Jonglei State, News

Duk community endorses reviewed customary bye-laws

By Manas James

The Hol and Nyarweng communities in Duk County, Jonglei State have endorsed customary bye-laws on marriage and revenge killing after six days of review in a workshop, ending on Wednesday.

About 120 attendants that included politicians, chiefs, youth and women leaders, participated in the exercise, supported by Peace Canal, a peacebuilding group operating in Jonglei state.

Speaking to No. 1 Citizen Newspaper, Peter Latjor Chuol, Duk County commissioner, said he came up with the idea because the county was becoming lawless.

“Killing had become the order of the day, especially on petty issues like elopement. So, on May 25, we started to review our customary laws,” he said.

“We came up with three resolutions to tackle marriage-related issues and killing,” he stressed.

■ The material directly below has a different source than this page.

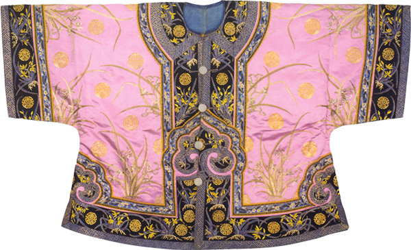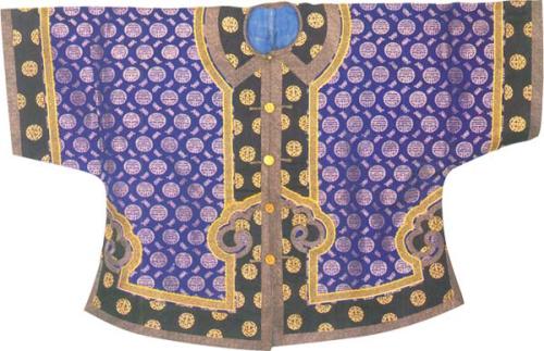馬褂是八旗將士騎馬時常穿用的一種外褂。其基本形式為圓領(lǐng)、對襟、開衩,身長至臍,袖長及肘,并有扣絆,常和旗袍匹配穿用。
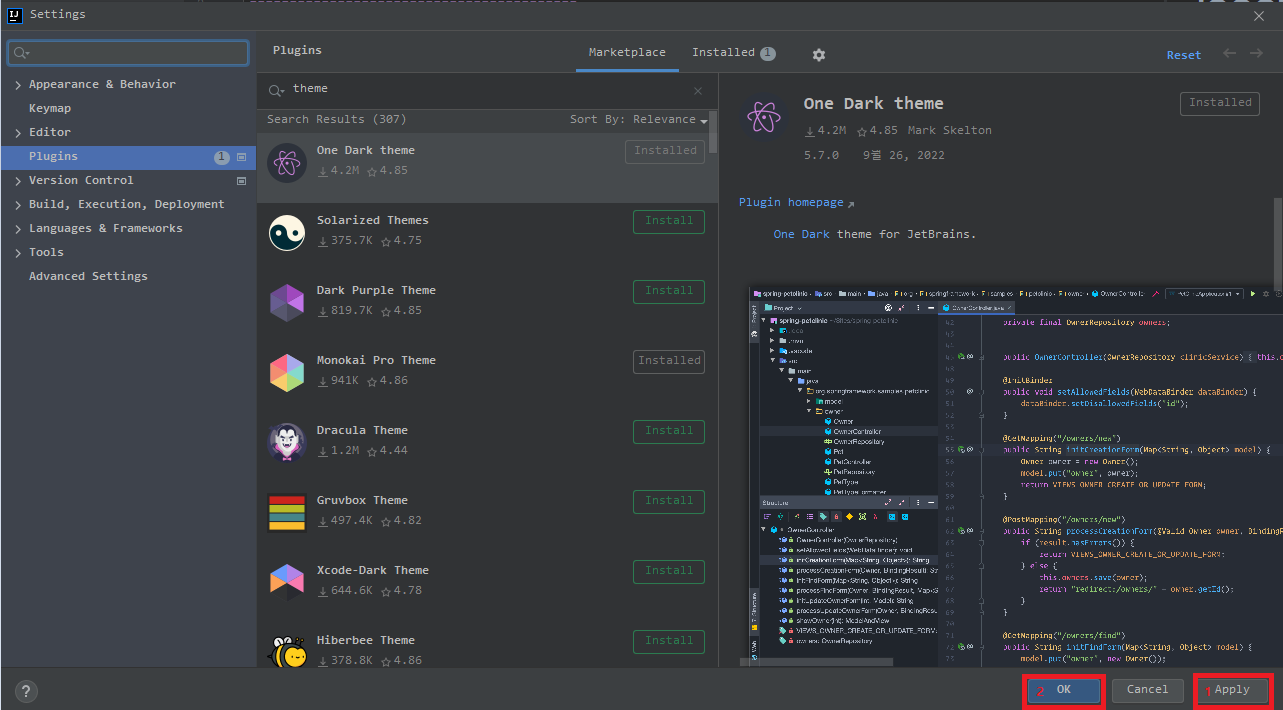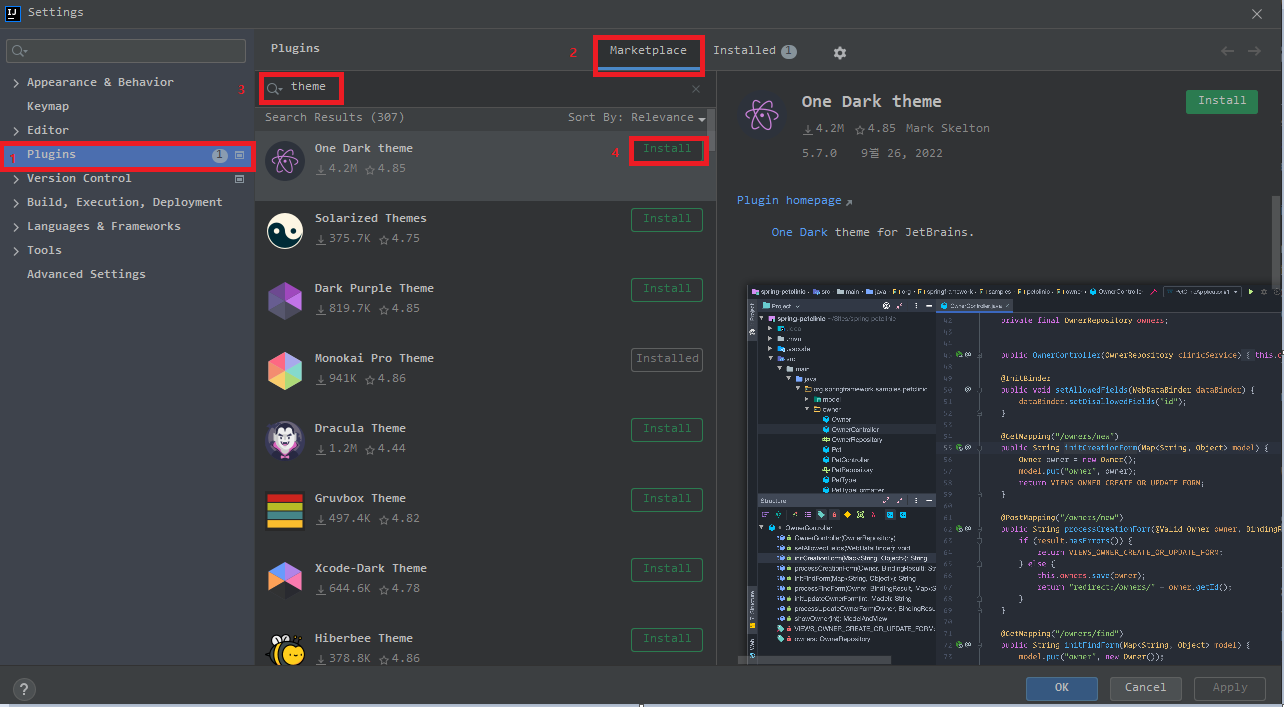 Plugins -> 우 중앙 Marketplace click -> theme검색 -> 원하는 theme install

The committee agreed on 20 years old and above, should be considered marriageable age and anyone who violates by marrying an underage shall be jailed for a year.

On adultery, the offender shall be fined seven cows and jailed for a year.

In case of murder, the culprit pays 51 cows as blood compensation and a 3-year jail term for unintentional killing, while for a deliberate killing, the convict shall also be killed as per the Penal Code Act.

However, Mr. Gordon Wuor Abiel, the community’s deputy head, said the workshop was fruitful and that traditional chiefs have been tasked with overseeing the implementation process.

“All six payams of Duk County had representatives in the meeting. We came out with those resolutions on revenge killing and marriage,” he said.

The community tasked the county commissioner and chiefs to handle the issues in traditional courts in respected of all others.

Meanwhile, Aruai Majok Deng, the head chief of Duk County, said the bye-laws will help restore law and order and that they are ready to be the custodians.

South Sudan’s legal system is pluralistic, where customary law is applied alongside statutory law.

The customary law is not uniform across the country; it often varies from one community to another.